Speech Recognition and Closed Caption Searches for Internet Video Archives

Technology has enabled digitization of both new videos and those that predate the Internet for online streaming.  With more videos becoming available on the Internet, websites are developing speech recognition technology that may eventually lead to closed caption searches - a useful tool for canvassing video content.
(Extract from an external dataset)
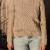 La deuxième photo montre la version modifiée du pull: le col a été refait car c était trop serré et désagréable à l' usage. Un fil élastique a été ajouté dans les côtes à la taille pour resserrer à ce niveau.

Google Audio Indexing for YouTube Closed Captioning

The BBC reported that Google has expanded its closed captioning technology, Google Audio Indexing (Gaudi), to all of the English language content on its subsidiary website YouTube.  Subtitles can be embedded in videos during the uploading process, and anyone can request the addition of captions for videos with clearly spoken audio tracks.  Only English language content is supported for now, but the written captions can be translated to other languages.  Intended to make YouTube accessible for the hard of hearing, this technology also has great potential for increased video searchability.


The movie and television show streaming web site Hulu is expanding its search features by including a caption search for its closed captioned programs.  Most of its news programming and talk shows do not yet have closed captioning, but Hulu may expand the feature to include all of its content.  Once this is in place, Hulu would be a useful resource for conducting research on public figures by making their television appearances easier to find.

Since the feature is still in beta testing, searches can only be performed for a one show at a time and works as follows:

  • After selecting a show or program with closed captioning, you are given the option to search under a "Captions" tab.
  • The search results will let you know which episodes the search word or phrase appears with links directly to the segment.
  • Results are also presented in a popularity graph that shows which parts of the episode have been viewed the most. Occurrences where the search term is in the episode will be highlighted in the same graph for comparison.